False-positive cost in dollars. Pick a number for the cost of a wasted human contact. Multiply by FP rate. Pick a number for the cost of a confused real human (complaint, churn, lost sale). The model is good if it minimizes weighted FP cost, not raw accuracy.

Time to first word after AMD. If AMD says human, how fast does your agent actually say its first word? This is where the rest of your pipeline cost lives. If it's over 500ms, AMD is not your bottleneck.

What 1.5.9 doesn't give you

Things production teams still build themselves:

Carrier-specific voicemail patterns. Verizon, AT&T, and T-Mobile voicemail systems each have their own greeting tempos and beep frequencies. A model trained on aggregate data is OK at all of them and best-in-class at none.

Voicemail systems with no beep. Some VoIP boxes say "leave your message after the beep" without an actual beep. Or they use a tone the model wasn't trained on. We've seen messages start before the box is ready, getting clipped mid-sentence.

IVR navigation. AMD tells you the call is an IVR. It does not help you navigate one. That's a separate speech-to-intent pipeline tuned for menu prompts, plus a DTMF emitter that knows when each carrier accepts digits.

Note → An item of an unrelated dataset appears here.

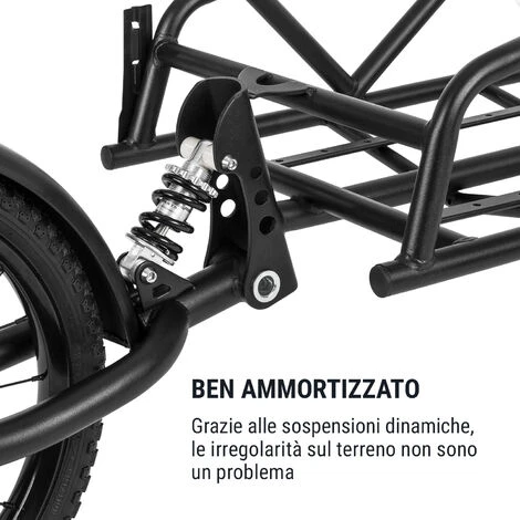 Nell’ampio vano di carico del rimorchio per bicicletta Follower di Klarfit trovano spazio sulla superficie da 35,5 x 65 cm bagagli, casse per bevande, sacchi di terriccio o tutta l’attrezzatura da campeggio. Con un peso di 11 kg il Follower risulta essere molto leggero. Il resistente telaio d’acciaio regge senza problemi fino a 35 kg. Il montaggio è veloce e semplice: il rimorchio viene fissato all’asse della ruota posteriore della bici con una chiusura di sicurezza. A garantire un comodo rollio ci pensano i pneumatici da 16″ con protezione antiforatura. Uno spesso strato di caucciù sulla superficie di corsa evita che schegge di vetro, viti o altri oggetti appuntiti si insinuino fino al tubo. Le asperità nel terreno e i tragitti offroad non sono più un problema per il Follower con il molleggio dinamico. Per la sicurezza stradale, la bici dispone di un riflettore sulla ruota e sul parafango. Inoltre una bandiera di sicurezza garantisce maggior visibilità nel traffico.

Real-time confidence updates. AMD fires once with a single confidence score. In practice, you want the score to update as more audio arrives, because a 1.2-second greeting and a 4-second greeting carry very different signal. Right now you get one shot.

If you're already on Agents 1.4 or older

A few moves before you flip the switch:

  1. Don't migrate everything yet. AMD is opt-in. Wrap 5 to 10% of outbound calls with it and shadow-log the result alongside your current logic. Measure agreement before you replace your old detector.

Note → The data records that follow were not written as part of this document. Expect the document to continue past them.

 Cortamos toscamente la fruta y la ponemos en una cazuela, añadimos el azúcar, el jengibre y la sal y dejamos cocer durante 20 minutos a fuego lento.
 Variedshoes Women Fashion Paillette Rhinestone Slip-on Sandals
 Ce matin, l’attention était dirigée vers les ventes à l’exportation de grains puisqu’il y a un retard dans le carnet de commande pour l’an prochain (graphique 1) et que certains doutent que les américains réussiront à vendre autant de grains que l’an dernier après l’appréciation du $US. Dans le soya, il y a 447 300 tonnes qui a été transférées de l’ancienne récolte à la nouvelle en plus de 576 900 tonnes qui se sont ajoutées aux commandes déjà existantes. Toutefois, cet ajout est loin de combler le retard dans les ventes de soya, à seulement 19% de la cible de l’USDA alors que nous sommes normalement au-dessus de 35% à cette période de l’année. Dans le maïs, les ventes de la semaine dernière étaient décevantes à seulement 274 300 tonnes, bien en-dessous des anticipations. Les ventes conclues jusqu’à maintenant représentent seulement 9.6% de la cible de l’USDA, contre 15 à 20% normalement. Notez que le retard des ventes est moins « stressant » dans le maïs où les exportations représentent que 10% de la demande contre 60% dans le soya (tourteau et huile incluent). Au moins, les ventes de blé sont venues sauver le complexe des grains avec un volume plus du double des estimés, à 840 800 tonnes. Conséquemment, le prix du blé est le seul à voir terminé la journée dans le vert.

  2. Build the state machine before you trust the classifier. The classifier is the easy part. The branching logic for voicemail, IVR, and uncertain probes is where your time goes.

  3. Instrument detection latency before changing anything. You want a baseline. Otherwise you can't tell whether the new model is actually faster or just newer.

  4. Write the voicemail script for transcription. Because a transcription bot will read it before any human does.

The classifier is a primitive. The product is the state machine you build on top.